A U.S. taxpayer must be prepared to demonstrate that he or she is a bona fide Puerto Rican resident and was present in Puerto Rico for at least 183 days during the taxable year. See Treas. Reg. § 1.937-1(c)(1).3 The determination of whether a taxpayer is a bona fide resident is analyzed via the following 11 factors:4
- intention of the taxpayer
- establishment of a temporary home in the foreign country for an indefinite period
- participation in social and cultural activities of a chosen community, identification with the daily lives of the people and, in general, assimilation into the foreign environment
- physical presence in the foreign country consistent with employment
- nature, extent and reasons for temporary absences from a temporary foreign home
- assumption of economic burdens and payment of taxes to the foreign country
- status of resident contrasted to that of transient or sojourner
- treatment accorded to income tax status by an employer
- marital status and residence of the family
- nature and duration of employment, such as whether an assignment abroad could be promptly accomplished within a definite or specified time
- good faith in making a trip abroad or whether for purpose of tax evasion
Section 937 was amended to provide greater clarity as to determining bona fide residence in U.S. possessions. Specifically, an individual is a bona fide resident of a U.S. possession if such person:
- is present in the possession5 for at least 183 days during the year
- does not have a tax home6 outside the possession during the year
- does not have a closer connection7 to the U.S. or a foreign country than to the possession
If the taxpayer does not meet these tests and has failed to file a federal income tax return with the IRS, the statute of limitations remains open under I.R.C. § 6501(c)(3), even if the taxpayer acted under a good faith belief as to being a Puerto Rican resident.
Conclusion
Navigating Puerto Rico's Act 60 can be complex. If you are seeking to strengthen your residency position, ensure compliance and mitigate the risk of IRS challenges, contact the authors for professional guidance.
Footnotes
1 I.R.C. § 933
2 I.R.C. § 937(a).
3 If the taxpayer is a non-resident alien, the individual must meet the 183-day test under 7701(b)(3)(A). See Treas. Reg. § 1.937-1(c)(2) and Lujan v. Comm'r, T.C. Memo. 2000-365.
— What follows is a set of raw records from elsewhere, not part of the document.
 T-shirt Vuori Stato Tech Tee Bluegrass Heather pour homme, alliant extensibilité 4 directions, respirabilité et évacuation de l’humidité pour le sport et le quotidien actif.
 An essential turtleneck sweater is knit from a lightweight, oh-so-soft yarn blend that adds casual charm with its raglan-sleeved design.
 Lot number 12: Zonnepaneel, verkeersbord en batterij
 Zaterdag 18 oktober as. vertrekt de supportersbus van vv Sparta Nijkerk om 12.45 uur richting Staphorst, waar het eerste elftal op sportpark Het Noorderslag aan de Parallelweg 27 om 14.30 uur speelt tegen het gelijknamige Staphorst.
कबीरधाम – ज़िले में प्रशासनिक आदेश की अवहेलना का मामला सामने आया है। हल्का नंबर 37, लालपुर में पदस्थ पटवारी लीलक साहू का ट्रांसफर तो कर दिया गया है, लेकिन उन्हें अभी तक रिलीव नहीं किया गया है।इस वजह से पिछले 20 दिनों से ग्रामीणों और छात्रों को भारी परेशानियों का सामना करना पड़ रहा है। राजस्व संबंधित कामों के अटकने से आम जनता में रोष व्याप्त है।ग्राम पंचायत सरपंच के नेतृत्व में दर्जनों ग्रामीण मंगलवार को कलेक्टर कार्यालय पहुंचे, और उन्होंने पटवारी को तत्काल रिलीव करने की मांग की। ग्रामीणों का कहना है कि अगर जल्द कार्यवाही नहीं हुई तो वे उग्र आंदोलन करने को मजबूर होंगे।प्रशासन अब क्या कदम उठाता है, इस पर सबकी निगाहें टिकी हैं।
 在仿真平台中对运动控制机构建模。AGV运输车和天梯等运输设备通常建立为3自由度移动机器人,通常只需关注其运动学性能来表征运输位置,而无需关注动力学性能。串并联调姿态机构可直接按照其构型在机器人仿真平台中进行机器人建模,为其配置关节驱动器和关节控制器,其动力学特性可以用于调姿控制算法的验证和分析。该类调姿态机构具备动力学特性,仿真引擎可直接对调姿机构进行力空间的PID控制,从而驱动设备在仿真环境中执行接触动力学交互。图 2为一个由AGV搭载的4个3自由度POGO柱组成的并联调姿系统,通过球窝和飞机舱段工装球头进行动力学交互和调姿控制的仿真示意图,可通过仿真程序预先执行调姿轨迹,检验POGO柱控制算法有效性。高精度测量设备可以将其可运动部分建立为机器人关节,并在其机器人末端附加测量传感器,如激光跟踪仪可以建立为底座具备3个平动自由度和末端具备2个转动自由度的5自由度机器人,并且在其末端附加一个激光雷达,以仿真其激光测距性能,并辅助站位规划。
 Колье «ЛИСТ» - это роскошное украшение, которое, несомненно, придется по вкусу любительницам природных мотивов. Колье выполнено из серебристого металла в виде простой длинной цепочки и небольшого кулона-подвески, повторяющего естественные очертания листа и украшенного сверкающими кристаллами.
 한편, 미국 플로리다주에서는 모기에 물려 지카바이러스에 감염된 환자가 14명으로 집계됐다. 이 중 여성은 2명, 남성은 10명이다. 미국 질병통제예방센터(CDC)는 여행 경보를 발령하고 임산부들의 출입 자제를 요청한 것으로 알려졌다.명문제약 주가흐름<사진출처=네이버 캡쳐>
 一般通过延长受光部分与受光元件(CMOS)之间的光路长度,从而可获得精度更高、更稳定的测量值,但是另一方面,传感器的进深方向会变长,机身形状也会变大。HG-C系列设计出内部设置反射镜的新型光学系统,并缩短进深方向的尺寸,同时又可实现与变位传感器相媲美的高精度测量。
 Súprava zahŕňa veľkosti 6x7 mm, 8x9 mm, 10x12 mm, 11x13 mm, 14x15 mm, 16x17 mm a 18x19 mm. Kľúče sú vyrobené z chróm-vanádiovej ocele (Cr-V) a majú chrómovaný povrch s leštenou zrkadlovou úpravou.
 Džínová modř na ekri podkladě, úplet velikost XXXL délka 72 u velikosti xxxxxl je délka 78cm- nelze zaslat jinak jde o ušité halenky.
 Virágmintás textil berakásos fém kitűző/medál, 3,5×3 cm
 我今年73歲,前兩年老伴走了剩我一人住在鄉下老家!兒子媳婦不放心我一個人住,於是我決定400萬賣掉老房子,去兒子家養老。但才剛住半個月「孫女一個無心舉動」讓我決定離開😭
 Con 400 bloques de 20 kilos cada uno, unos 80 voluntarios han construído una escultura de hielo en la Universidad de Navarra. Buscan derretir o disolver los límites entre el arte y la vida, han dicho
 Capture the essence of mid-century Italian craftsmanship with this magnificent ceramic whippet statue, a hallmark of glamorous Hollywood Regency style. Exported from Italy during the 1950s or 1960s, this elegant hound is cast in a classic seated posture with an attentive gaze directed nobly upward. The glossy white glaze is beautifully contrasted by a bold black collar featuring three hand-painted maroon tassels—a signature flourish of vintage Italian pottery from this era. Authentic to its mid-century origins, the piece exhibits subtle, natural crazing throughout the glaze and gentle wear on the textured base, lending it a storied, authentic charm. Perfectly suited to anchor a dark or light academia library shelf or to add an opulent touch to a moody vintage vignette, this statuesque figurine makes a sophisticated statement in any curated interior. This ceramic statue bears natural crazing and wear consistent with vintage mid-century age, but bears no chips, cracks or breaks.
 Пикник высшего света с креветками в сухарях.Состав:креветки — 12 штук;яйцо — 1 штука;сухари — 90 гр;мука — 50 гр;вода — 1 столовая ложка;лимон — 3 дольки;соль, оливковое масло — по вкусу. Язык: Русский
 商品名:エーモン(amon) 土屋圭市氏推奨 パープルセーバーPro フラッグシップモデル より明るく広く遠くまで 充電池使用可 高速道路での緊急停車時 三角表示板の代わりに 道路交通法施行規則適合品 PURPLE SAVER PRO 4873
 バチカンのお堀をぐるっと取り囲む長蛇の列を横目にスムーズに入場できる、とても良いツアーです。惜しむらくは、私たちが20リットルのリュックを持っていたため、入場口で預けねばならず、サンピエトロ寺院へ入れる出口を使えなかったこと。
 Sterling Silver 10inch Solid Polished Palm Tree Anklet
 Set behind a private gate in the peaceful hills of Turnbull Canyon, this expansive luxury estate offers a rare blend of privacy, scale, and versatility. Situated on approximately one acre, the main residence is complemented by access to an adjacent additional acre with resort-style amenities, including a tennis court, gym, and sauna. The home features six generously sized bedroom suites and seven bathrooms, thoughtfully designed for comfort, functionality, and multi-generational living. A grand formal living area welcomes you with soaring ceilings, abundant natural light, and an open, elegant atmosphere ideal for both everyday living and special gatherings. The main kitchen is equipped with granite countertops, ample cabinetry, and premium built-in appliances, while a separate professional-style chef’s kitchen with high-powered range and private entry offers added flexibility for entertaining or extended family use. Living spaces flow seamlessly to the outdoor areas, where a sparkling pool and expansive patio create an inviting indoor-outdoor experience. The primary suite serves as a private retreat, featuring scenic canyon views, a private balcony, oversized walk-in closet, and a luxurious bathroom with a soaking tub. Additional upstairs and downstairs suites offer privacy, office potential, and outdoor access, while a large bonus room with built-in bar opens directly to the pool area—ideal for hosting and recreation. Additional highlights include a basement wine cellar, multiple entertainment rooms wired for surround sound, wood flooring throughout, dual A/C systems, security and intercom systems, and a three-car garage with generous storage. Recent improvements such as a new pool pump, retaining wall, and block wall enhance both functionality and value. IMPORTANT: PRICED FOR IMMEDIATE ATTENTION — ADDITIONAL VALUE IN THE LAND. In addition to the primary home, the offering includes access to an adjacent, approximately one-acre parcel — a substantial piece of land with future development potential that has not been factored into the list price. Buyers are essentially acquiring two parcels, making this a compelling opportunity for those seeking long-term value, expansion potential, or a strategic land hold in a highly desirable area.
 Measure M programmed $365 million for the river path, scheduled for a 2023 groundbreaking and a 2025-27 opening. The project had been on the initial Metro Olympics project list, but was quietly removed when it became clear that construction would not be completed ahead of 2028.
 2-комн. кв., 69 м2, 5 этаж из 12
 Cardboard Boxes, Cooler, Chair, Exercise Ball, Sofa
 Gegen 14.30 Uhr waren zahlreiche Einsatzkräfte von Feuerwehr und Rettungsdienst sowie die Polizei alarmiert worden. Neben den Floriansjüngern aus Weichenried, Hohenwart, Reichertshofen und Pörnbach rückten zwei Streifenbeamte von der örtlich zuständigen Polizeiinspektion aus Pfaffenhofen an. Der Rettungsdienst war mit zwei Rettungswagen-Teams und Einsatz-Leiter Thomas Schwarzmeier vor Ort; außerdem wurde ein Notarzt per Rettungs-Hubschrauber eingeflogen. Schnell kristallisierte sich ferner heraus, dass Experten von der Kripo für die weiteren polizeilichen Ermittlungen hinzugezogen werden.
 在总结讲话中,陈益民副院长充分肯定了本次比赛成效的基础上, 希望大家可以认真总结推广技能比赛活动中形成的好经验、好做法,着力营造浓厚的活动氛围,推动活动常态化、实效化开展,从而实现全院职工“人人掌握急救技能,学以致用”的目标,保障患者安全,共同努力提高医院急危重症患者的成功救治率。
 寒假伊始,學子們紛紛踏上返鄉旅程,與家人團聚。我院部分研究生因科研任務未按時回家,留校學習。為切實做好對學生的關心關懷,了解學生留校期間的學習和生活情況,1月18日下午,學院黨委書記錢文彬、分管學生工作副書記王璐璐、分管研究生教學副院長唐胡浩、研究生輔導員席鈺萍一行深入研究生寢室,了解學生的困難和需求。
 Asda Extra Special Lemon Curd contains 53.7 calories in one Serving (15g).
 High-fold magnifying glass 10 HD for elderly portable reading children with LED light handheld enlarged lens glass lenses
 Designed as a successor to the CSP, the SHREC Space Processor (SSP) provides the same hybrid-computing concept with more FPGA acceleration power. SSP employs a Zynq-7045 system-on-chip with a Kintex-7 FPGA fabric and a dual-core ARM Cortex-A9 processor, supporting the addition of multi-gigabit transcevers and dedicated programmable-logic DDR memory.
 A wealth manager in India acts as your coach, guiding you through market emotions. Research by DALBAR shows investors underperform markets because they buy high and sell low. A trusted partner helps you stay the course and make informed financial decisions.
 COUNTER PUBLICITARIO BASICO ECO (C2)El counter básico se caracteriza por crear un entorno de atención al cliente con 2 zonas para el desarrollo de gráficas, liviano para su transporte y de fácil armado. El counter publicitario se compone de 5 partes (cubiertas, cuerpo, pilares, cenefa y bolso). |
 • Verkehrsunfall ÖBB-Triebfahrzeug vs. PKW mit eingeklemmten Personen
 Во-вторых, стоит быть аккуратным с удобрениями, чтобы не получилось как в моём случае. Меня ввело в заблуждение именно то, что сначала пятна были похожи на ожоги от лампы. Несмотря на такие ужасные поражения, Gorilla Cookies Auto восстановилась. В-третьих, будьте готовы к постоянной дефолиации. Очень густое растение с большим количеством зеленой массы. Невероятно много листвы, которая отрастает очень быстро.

4 See Sochurek v. Comm'r, 300 F.2d 34, 38 (7th Cir. 1962); Bergersen v. Comm'r, 109 F.3d 56, 62 (1st Cir. 1997). Other circuits group the 11 factors into the following four categories: 1) the taxpayer's intent to remain in the place of residency for "an indefinite or at least substantial period of time," 2) the taxpayer's physical presence, 3) the taxpayer's social, family and professional relationships, and 4) the taxpayer's own representations.
5 Guam, American Samoa, Northern Mariana Islands, Puerto Rico or U.S. Virgin Islands.
6 Determined under the principles of I.R.C. § 911(d)(3) (without regard to the second sentence thereof).
7 Determined under the principles of I.R.C. § 7701(b)(3)(B)(ii).
The content of this article is intended to provide a general guide to the subject matter. Specialist advice should be sought about your specific circumstances.